Abstract
Fading and shadowing along with the primary user dynamics make channel quality in dynamic spectrum access networks uncertain. Furthermore, the imperfect design of filters and amplifiers in wireless devices motivates the need for guard-bands (GBs) to prevent adjacent-channel interference. In this paper, we develop novel stochastic GB-aware sequential and batch channel assignment schemes that aim at maximizing the spectrum efficiency. In line with recent IEEE 802.11 and LTE standards, our schemes support bonding and aggregation. We propose two assignment models for each of the sequential and batch schemes: a static single-stage and an adaptive two-stage. In the static model, channel assignment is performed once such that the rate demands are probabilistically met.
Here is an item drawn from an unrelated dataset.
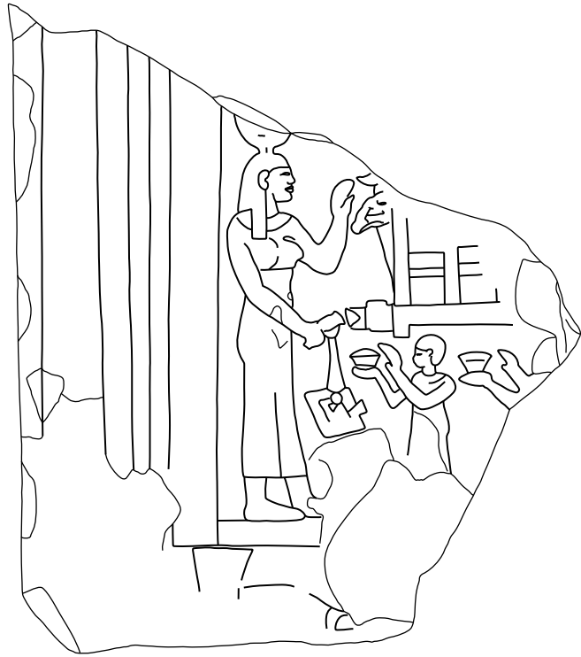
3. Stèle d'Éléphantine (dessin E. Laskowska-Kusztal).

La stèle d'Éléphantine, liée à l'enceinte cultuelle de la nécropole des béliers sacrés ( fig. 3 ) 42 , constitue une autre référence, différente de la précédente, à la relation entre Khnoum-bélier, assimilé à la crue du Nil, et la divinité féminine déclenchant ou produisant la crue. La scène représente une momie de bélier, dissimulée dans une litière, devant laquelle accomplit une libation sur l'autel en forme de « T » 43 une figure féminine coiffée de la couronne hathorique avec disque entre les cornes. Devant le dieu se trouvent aussi deux prêtres qui portent des offrandes.

The adaptive model is a two-stage model, where the initial assignment may be corrected once uncertainties are partially revealed. We refer to our formulations of the sequential and batch static assignments as chance-constrained stochastic subset-s um problem (CSSP) and chance-constrained stochastic multiple s ubset-sum problem (CMSSP), respectively. Moreover, we develop stochastic formulations for the sequential and batch adaptive assignments, which we refer to as two-stage CSSP with recourse (CSSPR) and two-stage CMSSP with recourse (CMSSPR), respectively. Finally, we present computationally efficient simplified versions of CSSP and CSSPR with near-optimal performance.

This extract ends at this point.